→ **INSTRUCTIONS TO FOLLOW**
From the first line to the last, set down the material exactly and drop every picture.

→ **SOURCE MATERIAL**
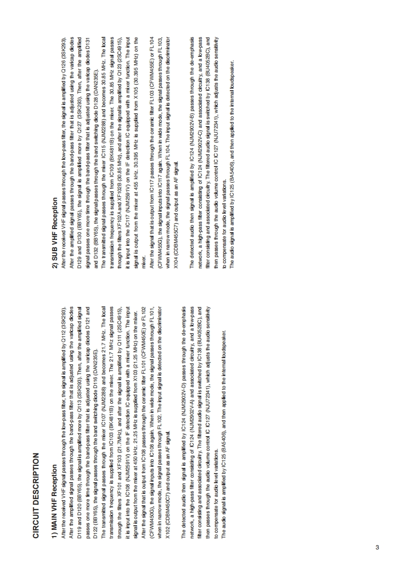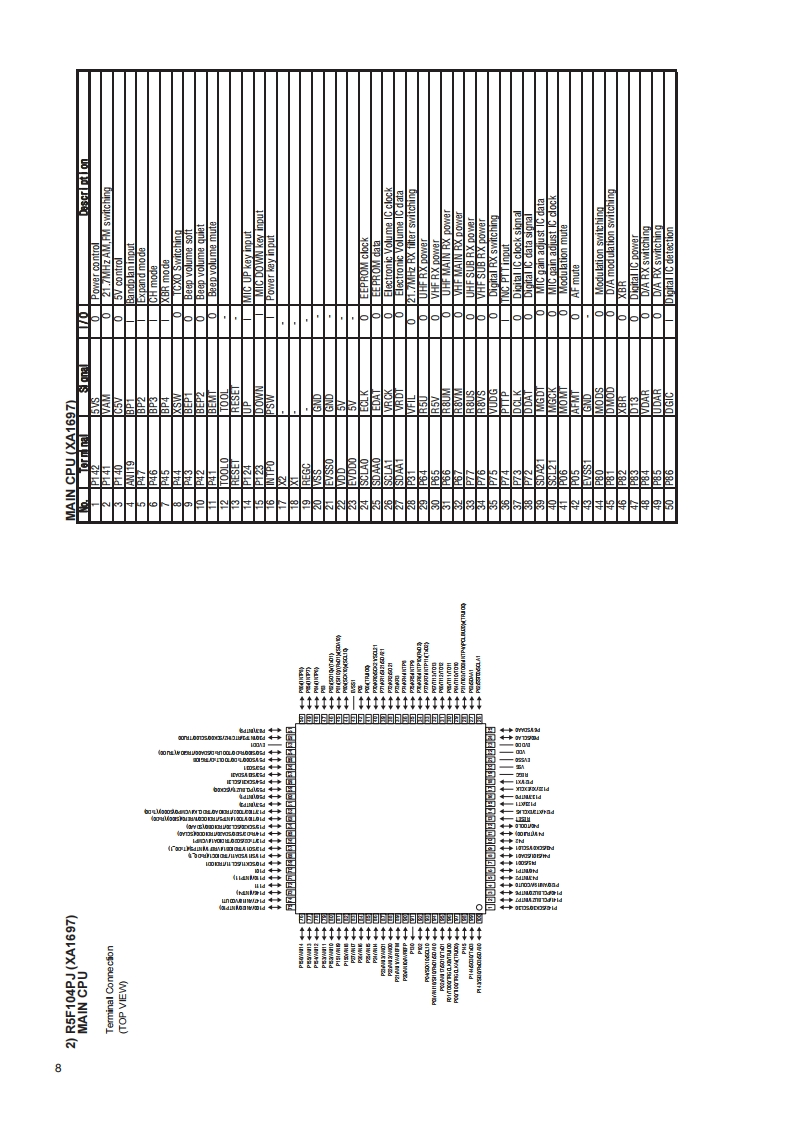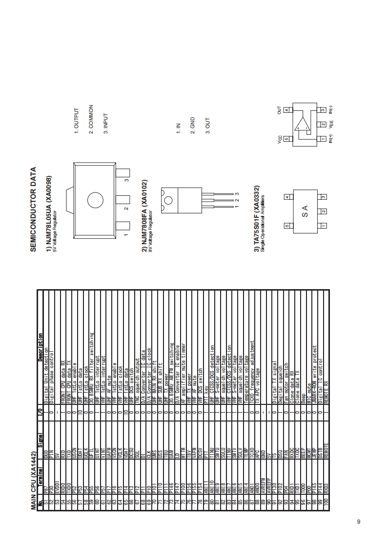DR-735 T/E/TAService ManualCONTENTSSPECIFICATIONSGeneral.18NJM2288(XA1694).,12Transmitter219)NJU72341(XA1695).12Receiver...20)BH2221V(XA1696).1221)HT16C24(XA1705).13CIRCUIT DESCRIPTION22RA60H4047M1(XA1706).131)MAIN VHF Reception....323)BR24G1MFXA1715).132)SUB VHF Reception24)Transistor,Diode and LED Outline Drawing............143)MAIN UHF Reception.25)LCD Connection (EL0064)...................144)SUB UHF Reception5)VN(VHF-VHF)Dual Reception5EXPLODED VIEW6)U/U(UHF-UHF)Dual Reception1)Front View15,1657)MAIN VHF Squelch Control2)Main Side17.1958)SUB VHF Squelch Control59)MAIN UHF Squelch Control5PARTS LISTFRONT Unit..10)SUB UHF Squelch Control20-21MAIN Unit...22-3011)Transmit Signal Path....12)VHF Transmit Signal PathSPEAKER Unit.31MECHANICAL Unit.13)UHF Transmit Signal Path3114)VHF TX APC Circuit...PACKING Unit.3115)UHF TX APC Circuit.ADJUSTMENT16)VHF PTT circuit.17)UHF PTT circuit......61)Required Test Equipmente18)VHF 1 chip IC......62)Adjustment Spot.....3319)UHF 1 chip IC....3)Connection Diagram620)Power-on Circuit.4)UHF TX Adjustment Specification.3465)UHF RX-R Adjustment Specification34CPU I/O DATA6)VHF RX-R Adjustment Specification61)R5F104FF (XA1724)FRONT CPU7)VHF TX Adjustment Specification352)R5F104PJ(XA1697)MAIN CPU...............8-98)VHF RX-L Adjustment Specification369)UHF RXL Adjustment Specification...................36SEMICONDUCTOR DATA10)UHF TX Test Specification.............371)NJM78L05UA(XA0098).…911)VHF TX Test Specification...............3712)LEFT RX Test Specification2)NJM7808FA(XA0102)9813)RIGHT RX Test Specification3)TA75S01F(XA0348)93814)X BAND Test Specification.394)TC4W53FU(XA1106)5)NJM2904V(XA0573)16)NJM2902V(XA0596)10PC BOARD VIEW7S-80845 ALMP (XA0620)….10FRONT TOP SIDE...1041FRONT MIDDLE SIDE48)NJM78M05DL1A(XA0947).10FRONT BOTTOM SIDE9)RA60H1317M1(XA1108)103MAIN TOP SIDE...4410)SN74LV4051A(XA1194).MAIN MIDDLE SIDE4511)BU4052BCFV(XA1229).11MAIN BOTTOM SIDE4612)TAR5S33U(XA1277).1113)BD1020HFV(XA133511SCHEMATIC DIAGRAM14)NJM2591V(XA1391).11FRONT Unit..........4715)R1EX24008A(XA1417)11MAIN Unit..4816)BA5406(XA1519)1217)BK4811B(XA1625)12BLOCK DIAGRAM.49ALINGO.INC.
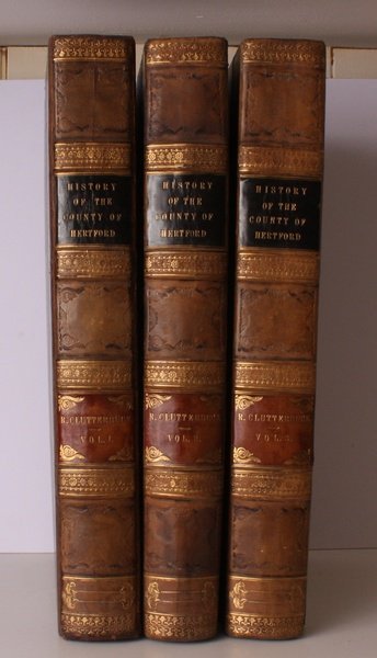 3 vols., folio, with 46 engraved plates (3 FINELY COLOURED BY HAND), 8 engraved maps and plans (one double-page) and numerous pedigrees in the text, some light and negligible marginal foxing, county map offset lightly offset as often; strongly bound in contemporary half calf, marbled boards, the first volume very neatly rebacked to style, old backstrip well laid down, backs gilt extra with four raised bands, these tooled in gilt to a stylised floral design suspended within a double gilt frieze, the whole contained by double gilt fillets, compartments tooled in blind with a floral frame, head and tail of backs tooled in gilt to a floral design repeated in inversion, lowest panel tooled in gilt with a reflected floral motif, double gilt morocco labels in black and red, the second of these in each case tooled in gilt at corners with a stylised floral flourish, marbled endpapers, sprinkled edges, covers a trifle age-marked, four joints a little rubbed else a very good, clean, sound copy. THE CHRISTOPHER T PEROWNE COPY WITH HIS ARMORIAL BOOKPLATE. This copy has pp.471-2 in vol. I which according to Upcott (p.623*) were cancelled; page 36 of the appendix to this volume is misprinted 32 as called for. Britton's scarce 'Cashiobury Park' leaf, rarely found, is not present with this copy which is complete without it. The plates, maps and plans have been bound together at the end of each volume with the exception of the plate 'High Altar Screen, St. Alban's Abbey Church', which is present as frontispiece to the first volume, and the county map which is similarly placed in the third volume.
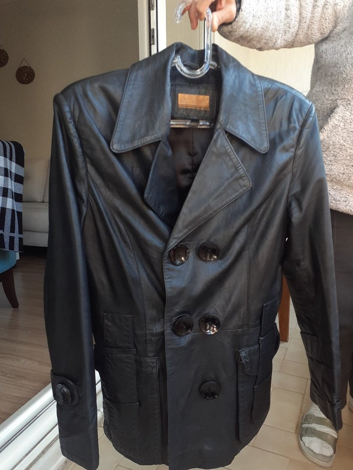 Düğmeli, siyah deri kadın ceket, notalı yaka ve uzun kolludur. Ofis kullanımı için uygun, normal kesimdir. 2 yerinde hatası vardır fotoya ekledim.

→ **EXPECTED ANSWER**
DR-735 T/E/TAService ManualCONTENTSSPECIFICATIONSGeneral.18NJM2288(XA1694).,12Transmitter219)NJU72341(XA1695).12Receiver...20)BH2221V(XA1696).1221)HT16C24(XA1705).13CIRCUIT DESCRIPTION22RA60H4047M1(XA1706).131)MAIN VHF Reception....323)BR24G1MFXA1715).132)SUB VHF Reception24)Transistor,Diode and LED Outline Drawing............143)MAIN UHF Reception.25)LCD Connection (EL0064)...................144)SUB UHF Reception5)VN(VHF-VHF)Dual Reception5EXPLODED VIEW6)U/U(UHF-UHF)Dual Reception1)Front View15,1657)MAIN VHF Squelch Control2)Main Side17.1958)SUB VHF Squelch Control59)MAIN UHF Squelch Control5PARTS LISTFRONT Unit..10)SUB UHF Squelch Control20-21MAIN Unit...22-3011)Transmit Signal Path....12)VHF Transmit Signal PathSPEAKER Unit.31MECHANICAL Unit.13)UHF Transmit Signal Path3114)VHF TX APC Circuit...PACKING Unit.3115)UHF TX APC Circuit.ADJUSTMENT16)VHF PTT circuit.17)UHF PTT circuit......61)Required Test Equipmente18)VHF 1 chip IC......62)Adjustment Spot.....3319)UHF 1 chip IC....3)Connection Diagram620)Power-on Circuit.4)UHF TX Adjustment Specification.3465)UHF RX-R Adjustment Specification34CPU I/O DATA6)VHF RX-R Adjustment Specification61)R5F104FF (XA1724)FRONT CPU7)VHF TX Adjustment Specification352)R5F104PJ(XA1697)MAIN CPU...............8-98)VHF RX-L Adjustment Specification369)UHF RXL Adjustment Specification...................36SEMICONDUCTOR DATA10)UHF TX Test Specification.............371)NJM78L05UA(XA0098).…911)VHF TX Test Specification...............3712)LEFT RX Test Specification2)NJM7808FA(XA0102)9813)RIGHT RX Test Specification3)TA75S01F(XA0348)93814)X BAND Test Specification.394)TC4W53FU(XA1106)5)NJM2904V(XA0573)16)NJM2902V(XA0596)10PC BOARD VIEW7S-80845 ALMP (XA0620)….10FRONT TOP SIDE...1041FRONT MIDDLE SIDE48)NJM78M05DL1A(XA0947).10FRONT BOTTOM SIDE9)RA60H1317M1(XA1108)103MAIN TOP SIDE...4410)SN74LV4051A(XA1194).MAIN MIDDLE SIDE4511)BU4052BCFV(XA1229).11MAIN BOTTOM SIDE4612)TAR5S33U(XA1277).1113)BD1020HFV(XA133511SCHEMATIC DIAGRAM14)NJM2591V(XA1391).11FRONT Unit..........4715)R1EX24008A(XA1417)11MAIN Unit..4816)BA5406(XA1519)1217)BK4811B(XA1625)12BLOCK DIAGRAM.49ALINGO.INC.
 3 vols., folio, with 46 engraved plates (3 FINELY COLOURED BY HAND), 8 engraved maps and plans (one double-page) and numerous pedigrees in the text, some light and negligible marginal foxing, county map offset lightly offset as often; strongly bound in contemporary half calf, marbled boards, the first volume very neatly rebacked to style, old backstrip well laid down, backs gilt extra with four raised bands, these tooled in gilt to a stylised floral design suspended within a double gilt frieze, the whole contained by double gilt fillets, compartments tooled in blind with a floral frame, head and tail of backs tooled in gilt to a floral design repeated in inversion, lowest panel tooled in gilt with a reflected floral motif, double gilt morocco labels in black and red, the second of these in each case tooled in gilt at corners with a stylised floral flourish, marbled endpapers, sprinkled edges, covers a trifle age-marked, four joints a little rubbed else a very good, clean, sound copy. THE CHRISTOPHER T PEROWNE COPY WITH HIS ARMORIAL BOOKPLATE. This copy has pp.471-2 in vol. I which according to Upcott (p.623*) were cancelled; page 36 of the appendix to this volume is misprinted 32 as called for. Britton's scarce 'Cashiobury Park' leaf, rarely found, is not present with this copy which is complete without it. The plates, maps and plans have been bound together at the end of each volume with the exception of the plate 'High Altar Screen, St. Alban's Abbey Church', which is present as frontispiece to the first volume, and the county map which is similarly placed in the third volume.
 Düğmeli, siyah deri kadın ceket, notalı yaka ve uzun kolludur. Ofis kullanımı için uygun, normal kesimdir. 2 yerinde hatası vardır fotoya ekledim.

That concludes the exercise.